YOUR INSTRUCTIONS: For every entry, reproduce the wording exactly and omit any image it holds.

(TASK MATERIAL)

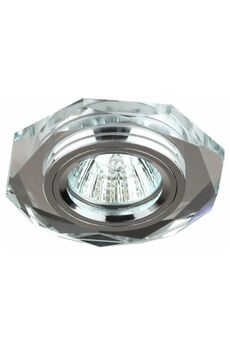 Декоративный встраиваемый светильник,Цвет: хром/серебряный блеск Материал: цинковый сплав Диаметр отверстия, мм: 75 Размер изделия, мм: 85 Мощность, max, Вт: 50 Тип лампы: MR16 Цоколь: GU5.3 Напряжение, В: 12 Производитель: Эра Дизайнерский светильник в форме звезды с эффектом стеклянной крошки, стильное украшение и создает уют в вашем помещении.
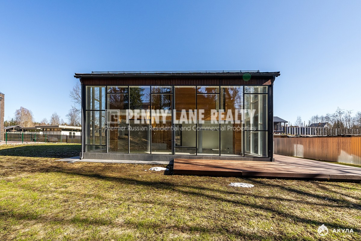 Планировка: 1 этаж - огромная зона кухни-гостинной-столовой с потолками в 6 метров и полностью стеклянной стеной, гостевой санузел, кабинет. 2 этаж - три спальни, два санузла, гардеробная комната, балкон.
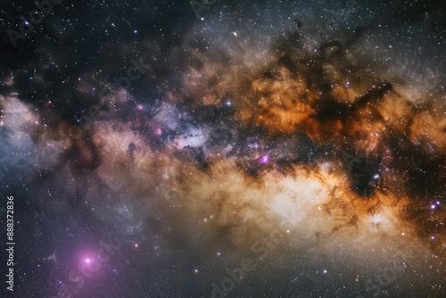 Starry, nebulous cosmic clouds, ethereal scene of the Milky Way galaxy with various constellations and nebulas
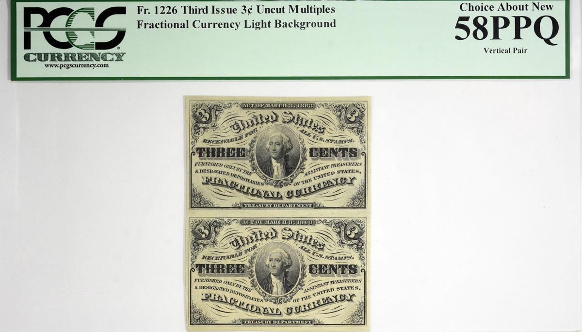Vertical Strip of (2) Fr. 1226. 3 Cent. Third Issue. PCGS Currency Choice About New 58 PPQ. Just a touch of circulation on this appealing pair of light background notes.
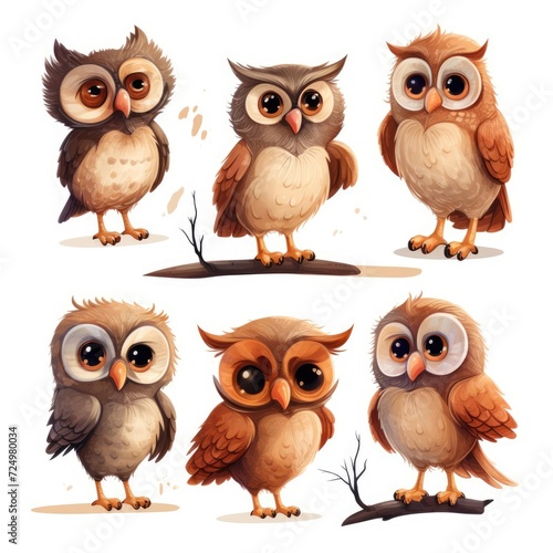 © nafanya241, Fototapeta premium Set of cute owls on white background
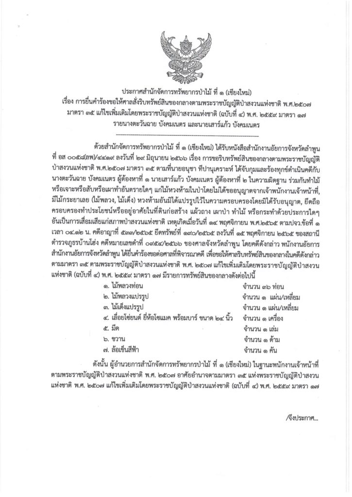 หน้าแรก » ประกาศ » ประกาศสำนักจัดการทรัพยากรป่าไม้ ที่ ๑ (เชียงใหม่) เรื่อง การยื่นคำร้องขอให้ศาลสั่งริบทรัพย์สินของกลางตามพระราชบัญญัติป่าสงวนแห่งชาติ พ.ศ.๒๕๐๗มาตรา ๓๕ แก้ไขเพิ่มเติมโดยพระราชบัญญัติป่าสงวนแห่งชาติ (ฉบับที่ ๔) พ.ศ. ๒๕๕๘ มาตรา ๑๗รายนางตะวันฉาย บังคมเนตร และนายเสาร์แก้ว บังคมเนตร
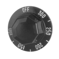 Thermostat Knob, 2" OD, 100° to 300° F temperature range, 1/4"D-stem, black, plastic
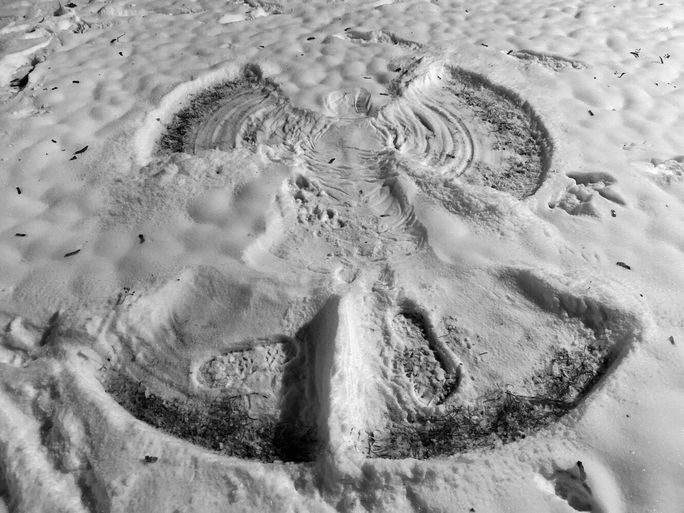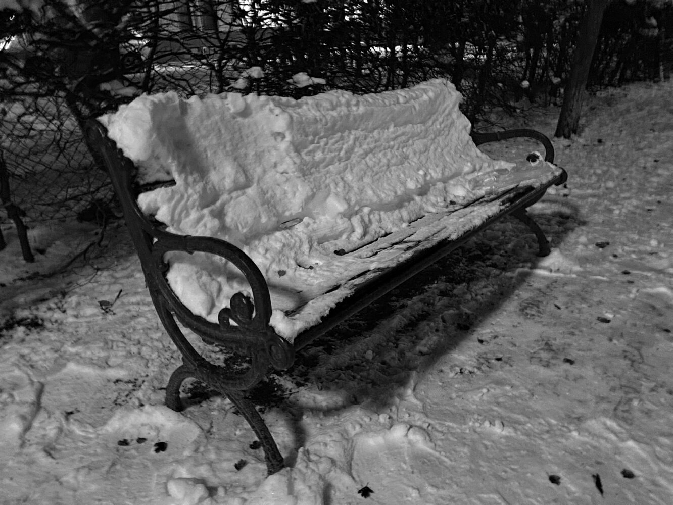”Det är roligare att promenera efter att det snöat för då ser man spåren efter djuren”, sa en vän. På samma vis tycker jag det är roligare att gå i parken efter att det snöat för man ser spåren efter människorna. Här satt en vuxen och hade tid för ett barn. Snöfilten som halkat ner längs parkbänkens ryggstöd tycker jag om, och att göra änglar. Fin är den, tillvaron.

(End TASK MATERIAL)

RESPONSE TO THIS EXERCISE:
 Декоративный встраиваемый светильник,Цвет: хром/серебряный блеск Материал: цинковый сплав Диаметр отверстия, мм: 75 Размер изделия, мм: 85 Мощность, max, Вт: 50 Тип лампы: MR16 Цоколь: GU5.3 Напряжение, В: 12 Производитель: Эра Дизайнерский светильник в форме звезды с эффектом стеклянной крошки, стильное украшение и создает уют в вашем помещении.
 Планировка: 1 этаж - огромная зона кухни-гостинной-столовой с потолками в 6 метров и полностью стеклянной стеной, гостевой санузел, кабинет. 2 этаж - три спальни, два санузла, гардеробная комната, балкон.
 Starry, nebulous cosmic clouds, ethereal scene of the Milky Way galaxy with various constellations and nebulas
Vertical Strip of (2) Fr. 1226. 3 Cent. Third Issue. PCGS Currency Choice About New 58 PPQ. Just a touch of circulation on this appealing pair of light background notes.
 © nafanya241, Fototapeta premium Set of cute owls on white background
 หน้าแรก » ประกาศ » ประกาศสำนักจัดการทรัพยากรป่าไม้ ที่ ๑ (เชียงใหม่) เรื่อง การยื่นคำร้องขอให้ศาลสั่งริบทรัพย์สินของกลางตามพระราชบัญญัติป่าสงวนแห่งชาติ พ.ศ.๒๕๐๗มาตรา ๓๕ แก้ไขเพิ่มเติมโดยพระราชบัญญัติป่าสงวนแห่งชาติ (ฉบับที่ ๔) พ.ศ. ๒๕๕๘ มาตรา ๑๗รายนางตะวันฉาย บังคมเนตร และนายเสาร์แก้ว บังคมเนตร
 Thermostat Knob, 2" OD, 100° to 300° F temperature range, 1/4"D-stem, black, plastic
”Det är roligare att promenera efter att det snöat för då ser man spåren efter djuren”, sa en vän. På samma vis tycker jag det är roligare att gå i parken efter att det snöat för man ser spåren efter människorna. Här satt en vuxen och hade tid för ett barn. Snöfilten som halkat ner längs parkbänkens ryggstöd tycker jag om, och att göra änglar. Fin är den, tillvaron.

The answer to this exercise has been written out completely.